La transmission de la volatilité des prix du pétrole sur les prix des produits pétrochimiques peut être également considérée comme un facteur indirect. À notre connaissance aucune étude ne traite de ce sujet mais plusieurs papiers ont étudié les

effets de transmission de la volatilité des prix du pétrole sur les marchés d’autres matières premières.

Erwing, Malik et Ozfidan (2002) étudient la volatilité sur les marchés financiers du pétrole brut et du gaz naturel. À l’aide de modèle GARCH ils mettent en évidence la transmission de la volatilité entre les marchés du pétrole et gaz.

Chen, Finney et Lai (2005) s’intéressent plus spécifiquement à la transmission asymétrique entre les prix du pétrole brut et les prix de détail de l’essence sur les marchés au comptant et à terme américains. Ils identifient une transmission asymétrique de la volatilité sur le marché au comptant mais également sur les marchés à terme.
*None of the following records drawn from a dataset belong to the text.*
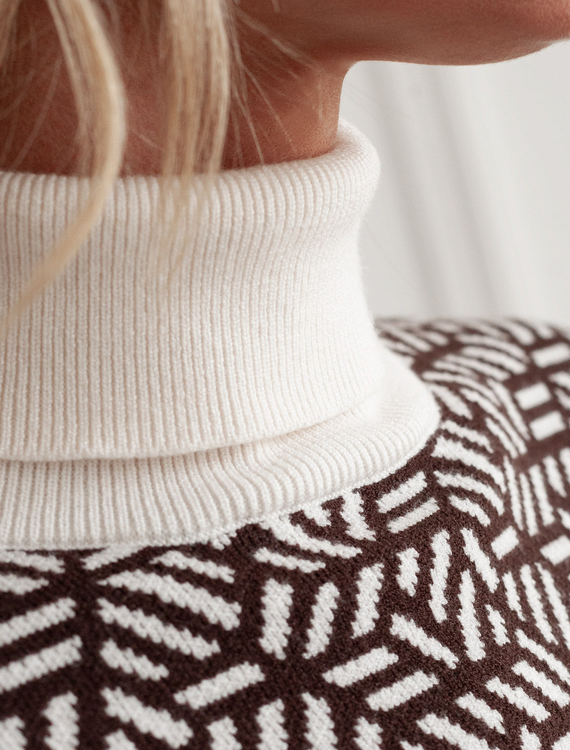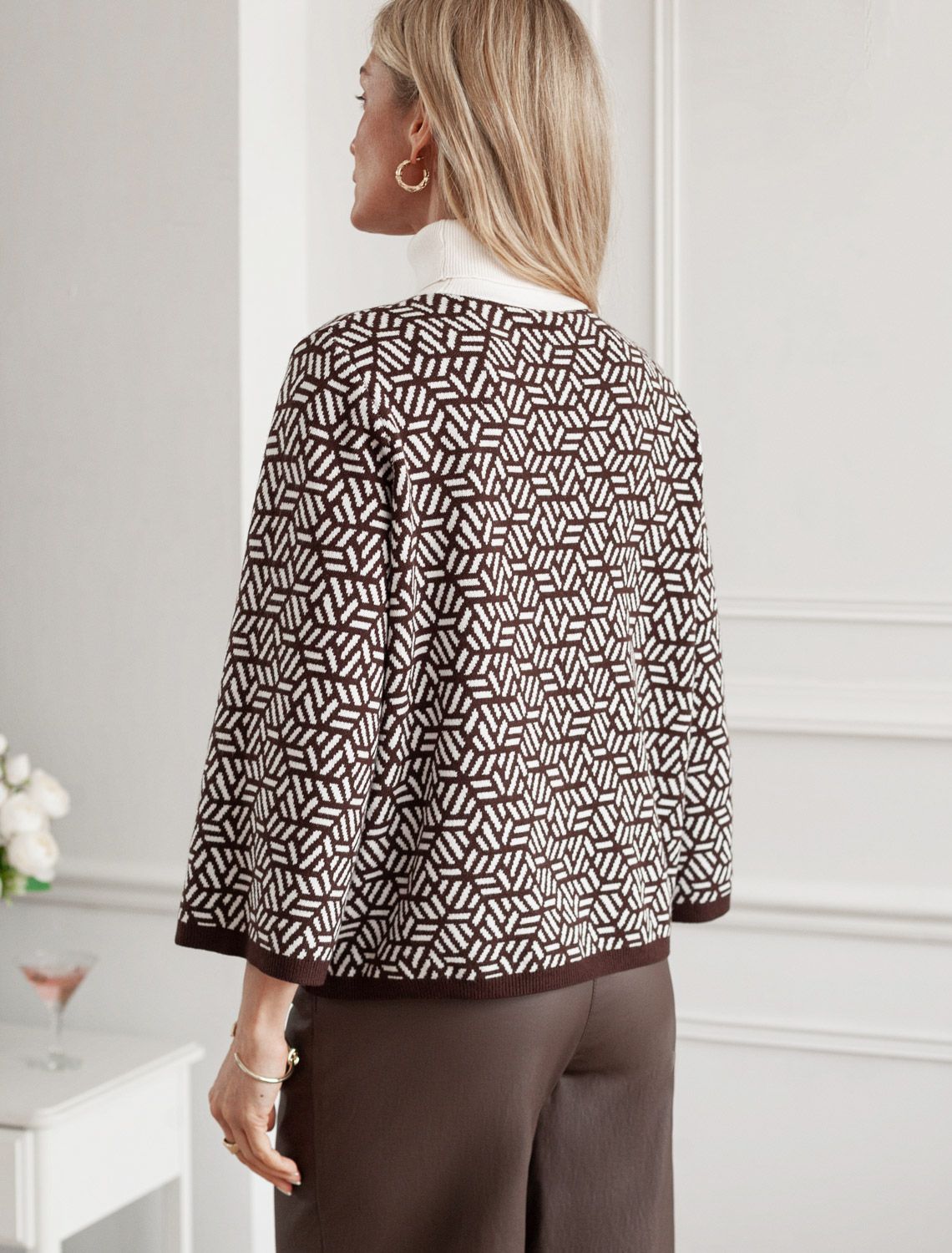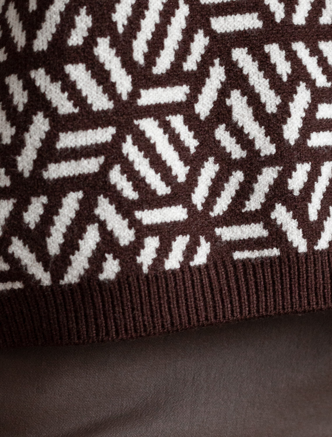 Свитер жаккардовой вязки выполнен из нежной пряжи на основе вискозы с добавлением кашемира. Модель свободного силуэта с укороченным рукавом подходит для любой фигуры. Жаккардовый узор выглядит дорого и роскошно, делая любой образ респектабельным. Нежная пряжа комфортно ощущается на теле, сохраняя оптимальное тепло при этом не перегревая кофейный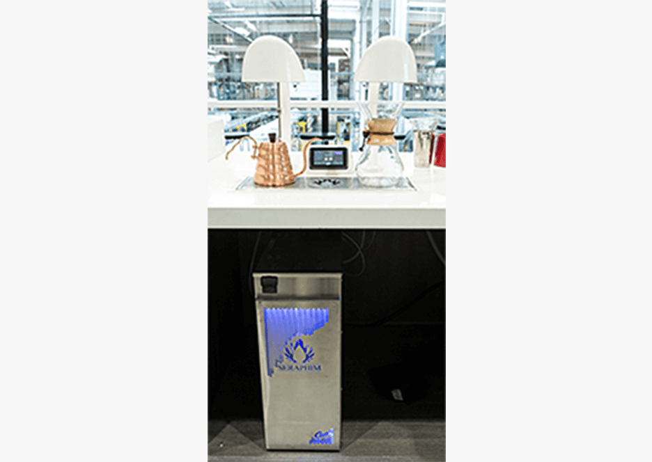 コーヒーマシン内ウォーターヒーティングユニットはカウンター下に配置し、お客さまとできる限り近い位置で対話しながらコーヒーの魅力をお届けできます。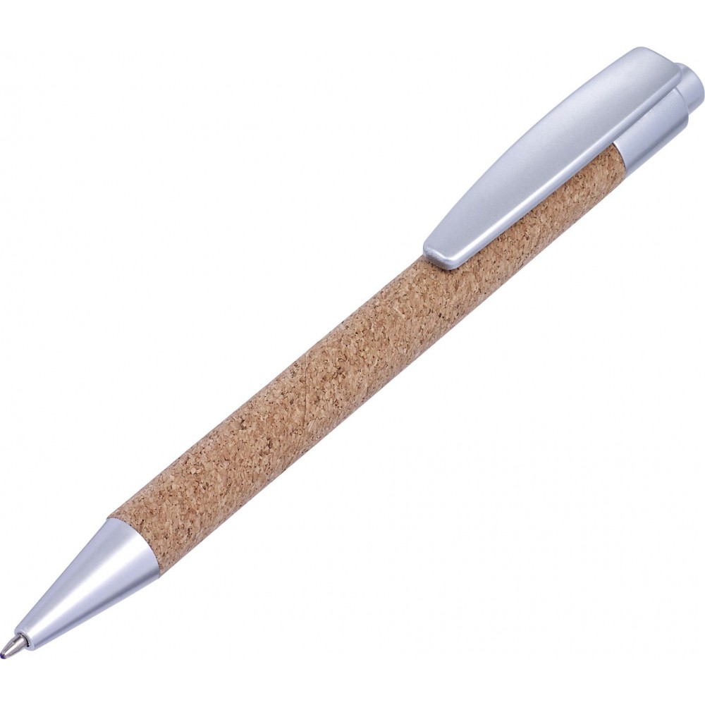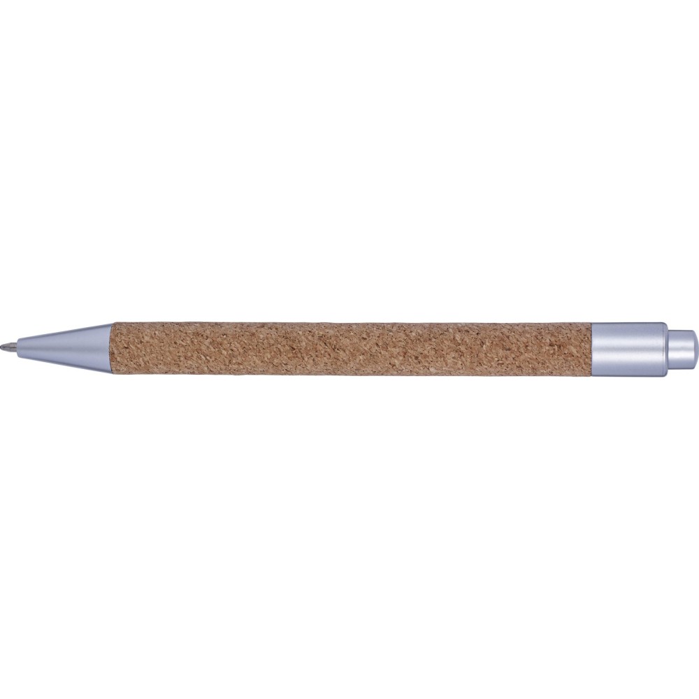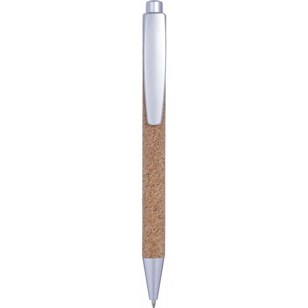 Golyóstoll parafa tolltesttel és műanyag véggel, klipsszel és nyomógombbal. Kék tollbetéttel. ABS, parafa.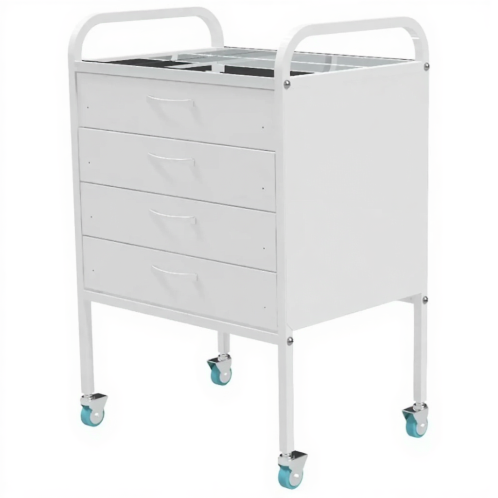 - Верхняя полка из нержавеющей стали — размером 535×375 мм, устойчива к коррозии и воздействию дезинфицирующих средств, служит для хранения наиболее часто используемых предметов.
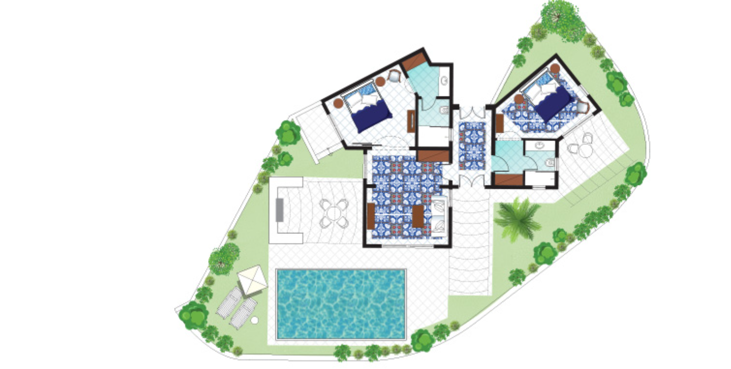 Одноуровневый или двухуровневый номер, 2 спальни с кроватями king-size, возможно дополнительно односпальная кровать, одна или две ванные комнаты с душем, частная беседка на пляже, в некоторых виллах на верхнем этаже — частная открытая гидромассажная ванна, терраса (4 – 10 м²), вид на сад, план номера, см. фото номера;
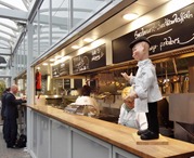 - Admire the picture of the Beach (I prefer the overhead of the labyrinth garden at the other H-gate). Envy the man who paid extra for early boarding, who gets a seat and a newspaper.
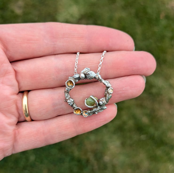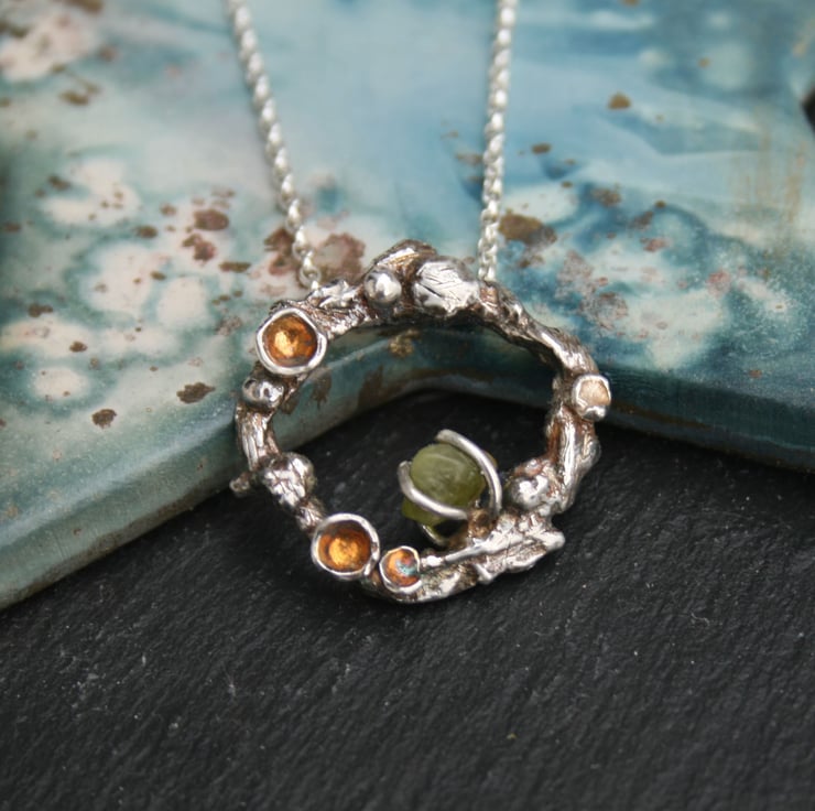 I created this silver lichen twig necklace by recycling sterling silver offcuts and shaping them into a round twig-like branch. Along the twig, I’ve added tiny lichen details and set a raw nugget of peridot securely in silver claws, so it nestles naturally within the design.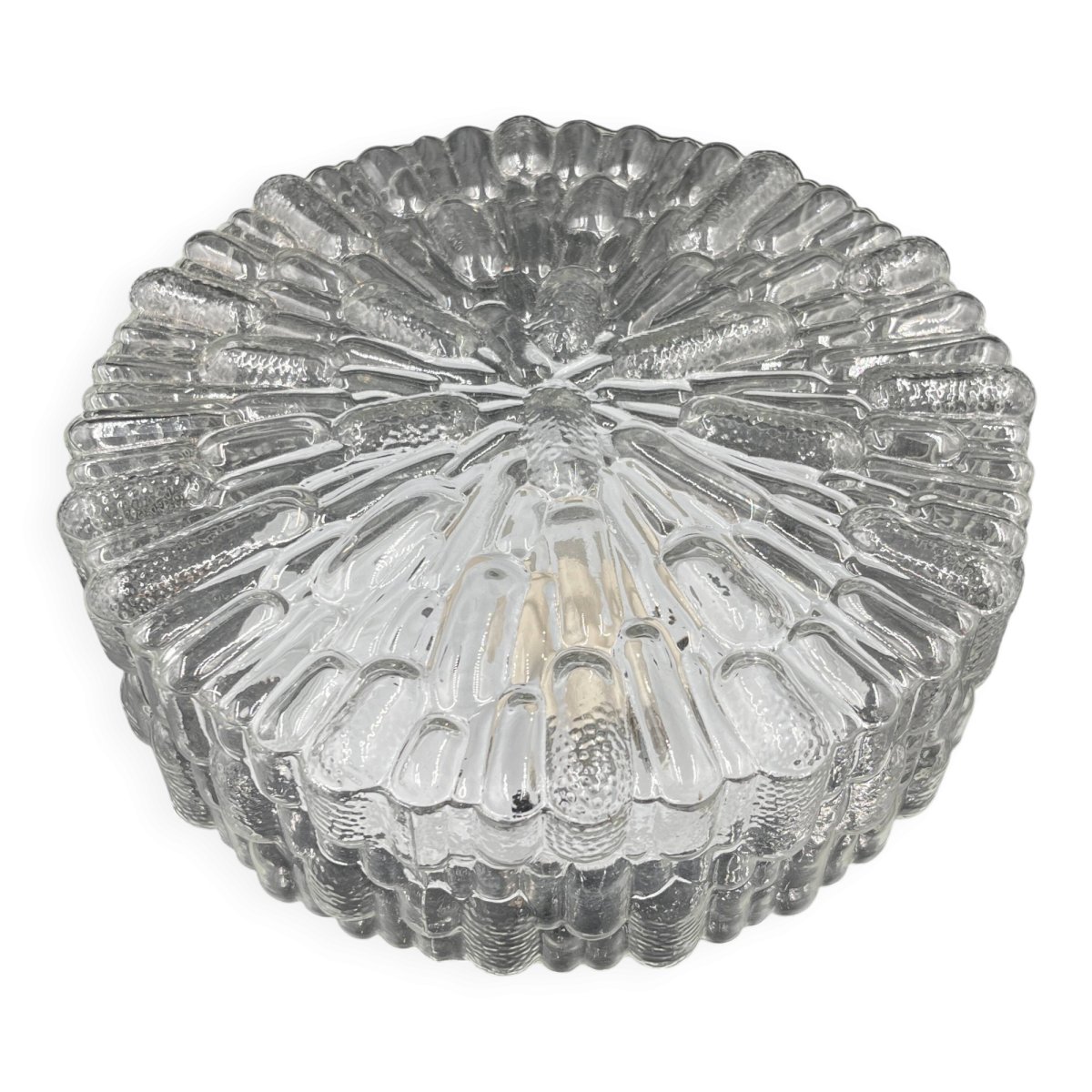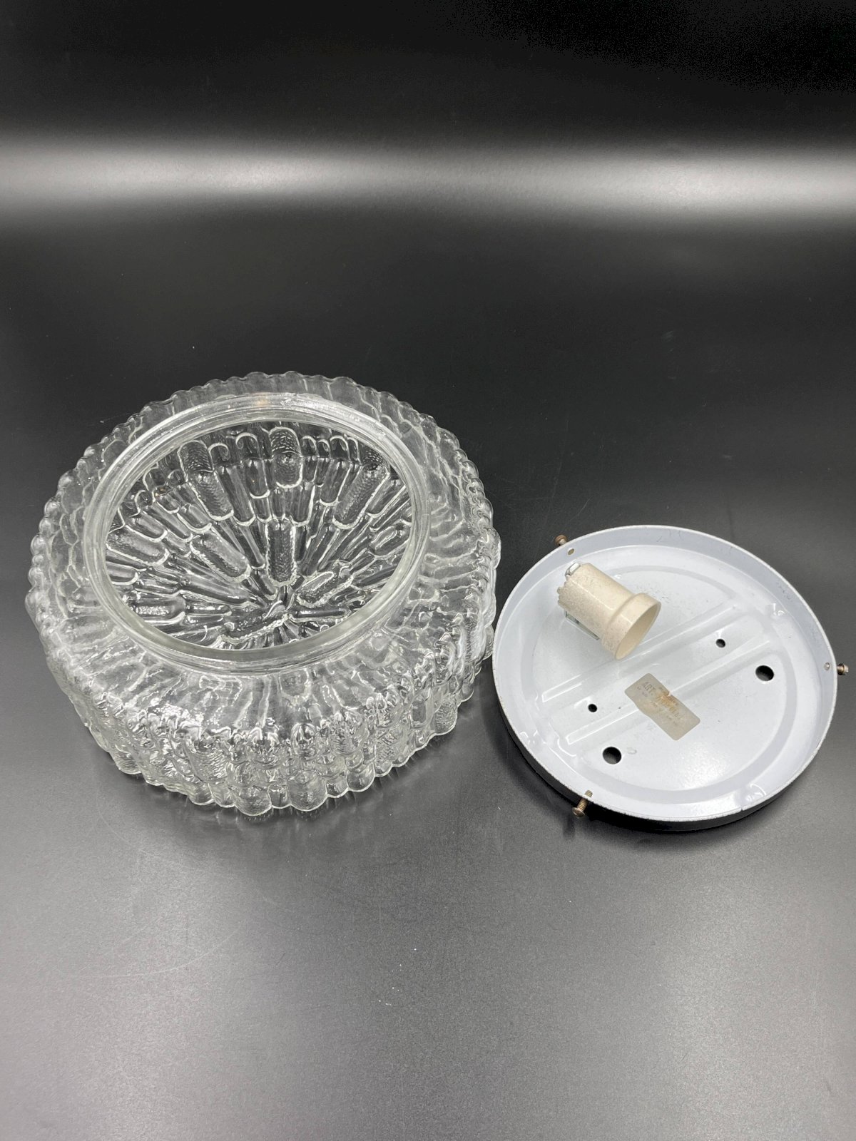 -PLAFONNIER LUSTRE MULLER Frères LUNEVILLE VERRE Pressé Moulé dépoli incolore D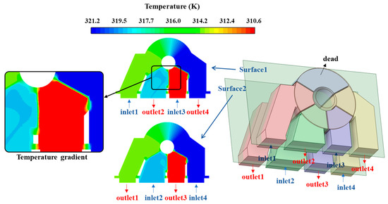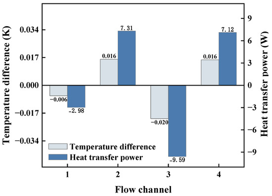 Figure 4 shows the temperature difference and the heat exchange power of each channel. It can be seen that the temperature difference in each flow channel is −0.006 K, 0.016 K, −0.020 K, and 0.016 K, and the heat exchange power is −2.98 W, 7.31 W, 9.59 W, and 7.12 W, respectively. When the temperature difference and the heat exchange power are positive, the coolant flowing through the flow channel absorbs heat, while heat is released when the temperature difference and heat exchange power are negative numbers. The temperature differences in flow channels 2, 3, and 4 are larger than that in channel 1. The coolant has a high specific heat capacity of about 2500 J/(kg·K) and a low thermal conductivity of about 0.28 W/(m·K). This shows that the temperature of the coolant changes slightly in the valve.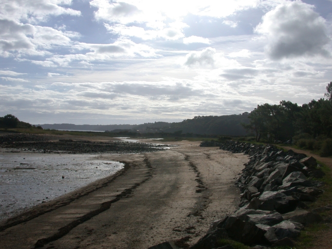 Vue des enrochements à l'entrée de l'ancien havre de CruckinImmatriculation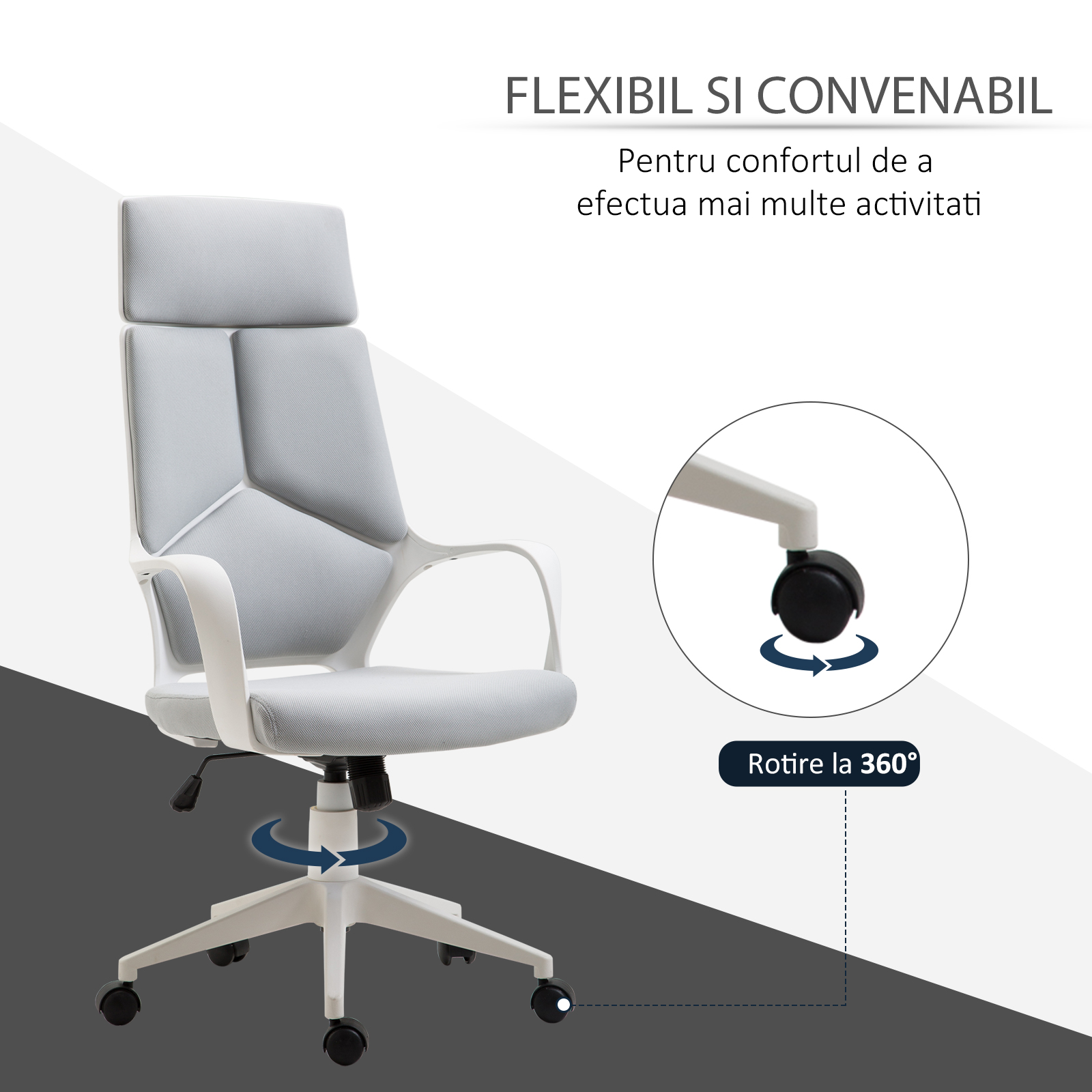 Lucreaza confortabil ore intregi cu scaunul ergonomic [BRAND NAME] din material respirabil mesh. Designul curbat sustine corect coloana vertebrala, reducand oboseala si tensiunea lombara. inaltimea reglabila si functia de pivotare la 360° ofera libertate de miscare si adaptabilitate maxima. Cadrul stabil cu roti silentioase permite deplasarea usoara. Ideal pentru birou, home-office sau spatii de studiu, imbina functionalitatea cu un stil modern si elegant.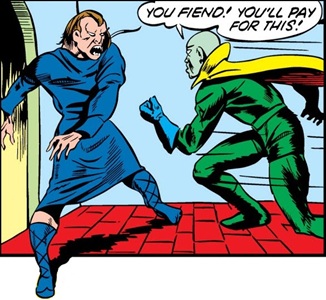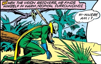 (Marvel Mystery Comics I#22/6) - The extradimensional Vision appeared in the frigid continent of Antarctica to investigate the ship's disappearance, for he sensed evil and terror lurking somewhere in the cold land; but upon arriving, the Vision was confronted by Khor. The sorcerer rendered the Vision unconscious with a magical bolt from his hand, then Khor teleported them both back to the jungle.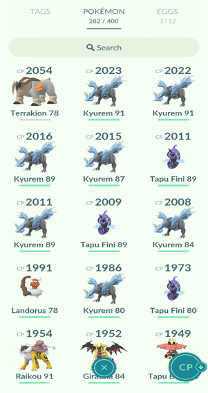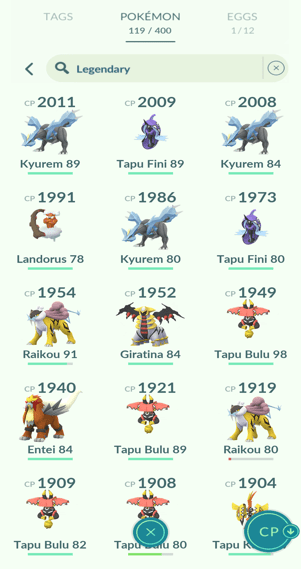 10x Kyurem, 1x Zygarde (10%), 3x Tapu Koko

Baffes (2007) examine le mécanisme de transmission des variations des prix du pétrole brut sur 35 matières premières entre 1960 et 2005. Pour y parvenir, il calcule à l’aide d’une méthode de moindres carrés ordinaires une élasticité prix qui mesure le degré de sensibilité du prix d’une commodité aux variations du prix du pétrole. D’après ses calculs, l’élasticité de l’ensemble des matières premières non énergétiques est égale à 0,16. La valeur de l’élasticité est comparée aux résultats antérieurs de Gilbert (1989) et Borensztein et Reinhart (1994) qui trouvaient respectivement 0,12 et 0,11. Cependant, à un niveau d’analyse plus fin, Baffes identifie des écarts de sensibilité importants entre les différentes familles de matières premières. Par exemple, les prix des fertilisants sont particulièrement sensibles au prix du pétrole avec une élasticité de 0,33. Les prix agricoles sont également impactés par les prix du pétrole (0,17) suivi des métaux (0,11). Les prix des métaux sont très vulnérables sur la période la plus récente entre 1985 et 2005 avec une élasticité de 0,43. Au sein de la famille des métaux, les métaux précieux réagissent particulièrement au prix du pétrole (0,34 pour l’or et 0,58 pour l’argent). Enfin, le gaz naturel est la commodité dont le degré de sensibilité est le plus élevé (0,64).

Du, Yu et Hayes (2011) analysent les facteurs qui influencent la volatilité des prix du pétrole brut et l’influence de cette volatilité sur les marchés des matières premières agricoles. À partir de 2006, il existe un effet de transmission de la volatilité des prix sur les marchés du pétrole brut, du blé et du maïs. L’effet de déversement de la volatilité des prix s’explique par le renforcement des interdépendances entres ces marchés induites par la production d’éthanol.

Enfin, Ji et Fan (2012) s’intéressent à l’influence de la volatilité des prix du pétrole sur les marchés de matières premières non énergétiques : les métaux, les produits agricoles et les produits non énergétiques. Ils démontrent que la volatilité des prix du pétrole brut a un effet significatif sur les marchés des matières premières non énergétiques. Le niveau de corrélation se renforce après la crise de 2008.